Welcome Guest! Log in
Stambia versions 2.x, 3.x, S17, S18, S19 and S20 are reaching End of Support January, 15th, 2024. Please consider upgrading to the supported Semarchy xDI versions. See Global Policy Support and the Semarchy Documentation.

The Stambia User Community is moving to Semarchy! All the applicable resources have already been moved or are currently being moved to their new location. Read more…


Using transactions in SQL is very usefull. Having the possibility to rollback in case an error occured is really interesting.

It is possible to use transactions easily in Stambia, with the SQL Operation process action.

This articles shows an example of how to do this in a process.

 

The SQL Operation Action

The use of transactions with SQL Operations is done through specific parameters.

The most commons are:

SQL Transaction Type

Used to indicate the type of the transaction.

Available types: COMMIT,NOCOMMIT,AUTOCOMMIT,AUTONOMOUS

SQL Transaction Name Name of the transaction

 

To do multiple operations using the same transaction, the same SQL Transaction Name has to be put on each of the actions.

By default the actions have AUTOCOMMIT type.
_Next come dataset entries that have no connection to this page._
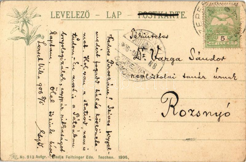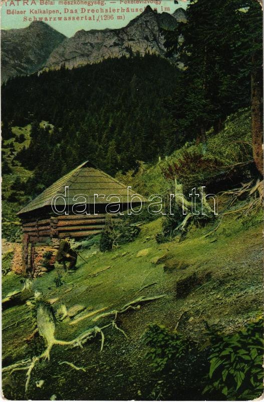 1906 Tátra, Magas-Tátra, Vysoké Tatry; Bélai mészkőhegység, Fekete víz völgy, Drechsler házikó a Drechsleren. Feitzinger Ede No. 913. Autgr. 1905. / Bélaer Kalkalpen, Das Drechslerhäuschen im Schwarzwassertal / Belianske Tatry, chalet, mountain rest house (EK)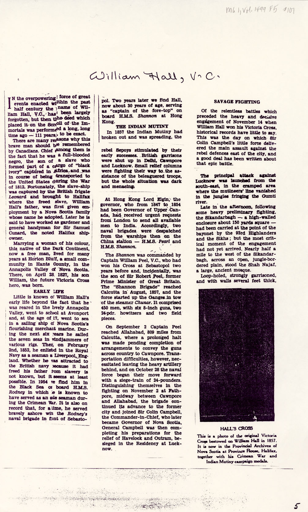 Reference William Hall, VC Nova Scotia Archives MG 1 volume 1499 number 105-108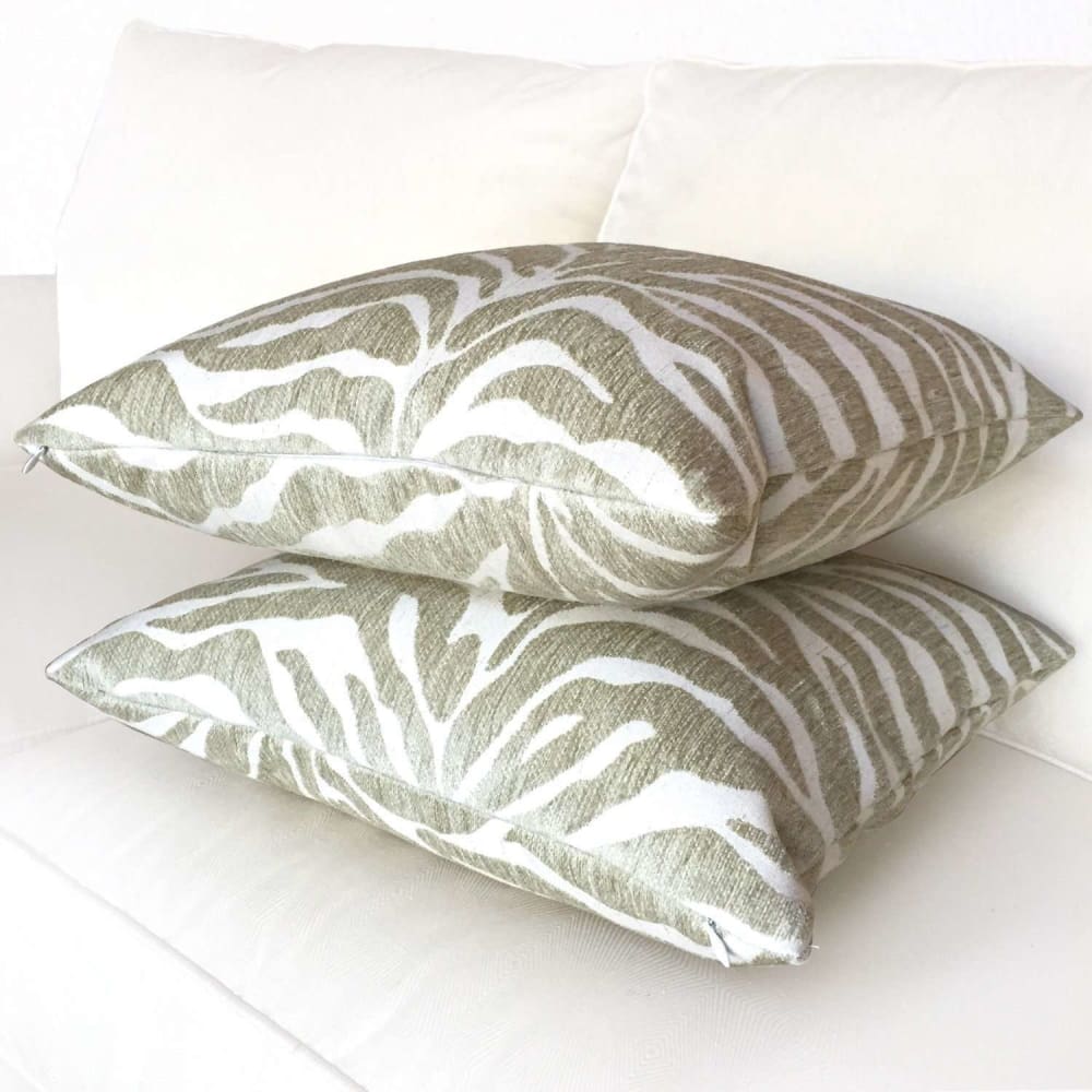 (CLEARANCE) Ethan Allen Flax Beige Tiger Stripe Pillow Cover (Fabric by the Yard available)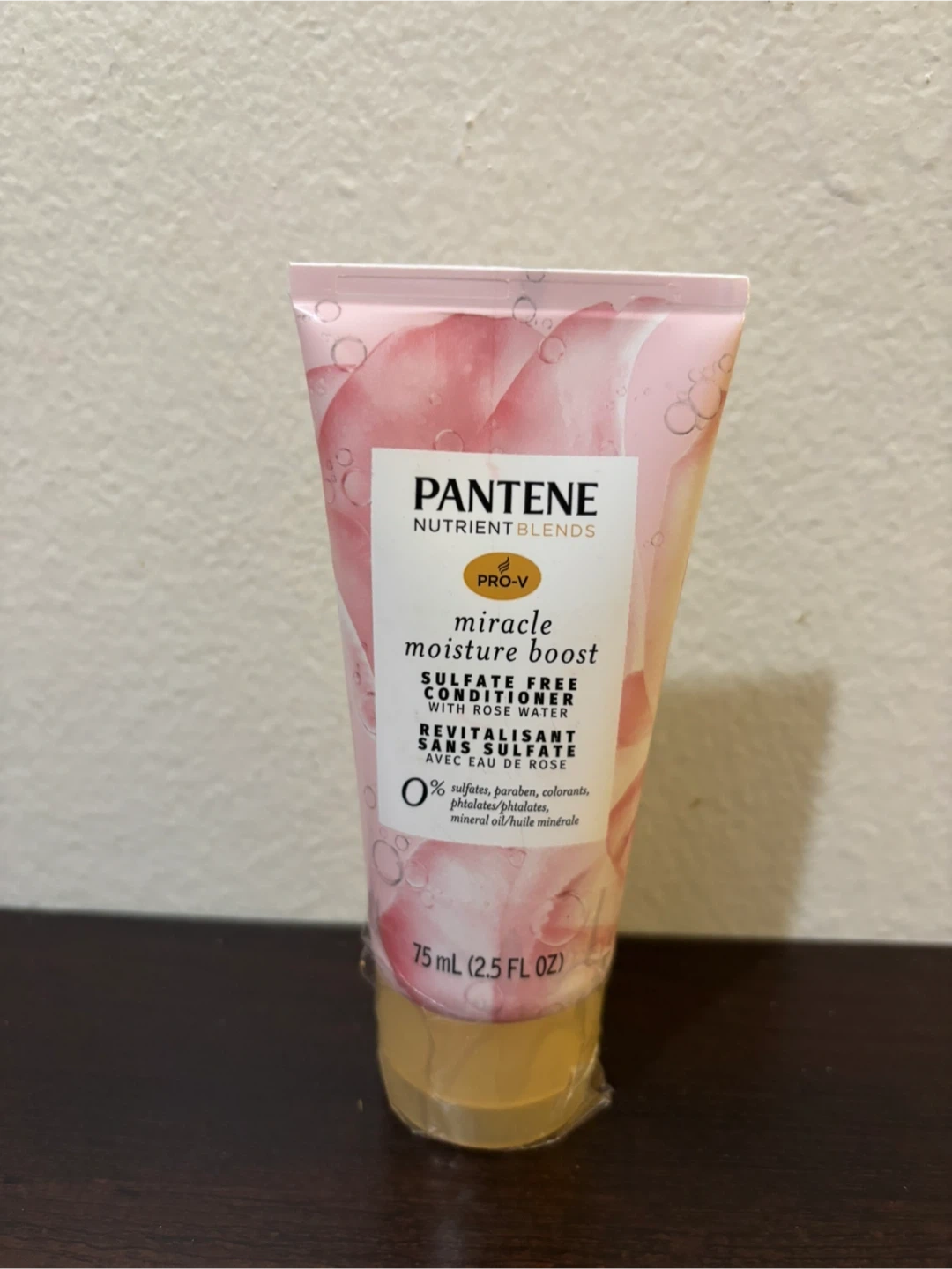 Pantene Nutrient Blends Miracle Moisture Boost Conditioner. It's sulfate free and made with rose water. Contains 0% sulfates, parabens, colorants, phthalates, or mineral oil. 75 mL (2.5 FL OZ) bottle.

More informations on the types can be found in the Designer's help.

 

Example

Here is a little example in which we want to do some operations, and rollback everything if an error occured, or commit otherwise.

Process overview:

Overview

 

All the actions are on same transaction: T1 .

The three first ones are using NOCOMMIT Transaction Type.

The last one uses the COMMIT type, in order to send a commit after the action.

 

With this settings, all the actions will be executed within the same JDBC Connection without doing any commit, except the last one.

So, if everything worked during the process, the last action is executed and the commit done.

But if an error occured, the process will end with errors and stop, the Commit action will then not be executed, so no commit will be performed.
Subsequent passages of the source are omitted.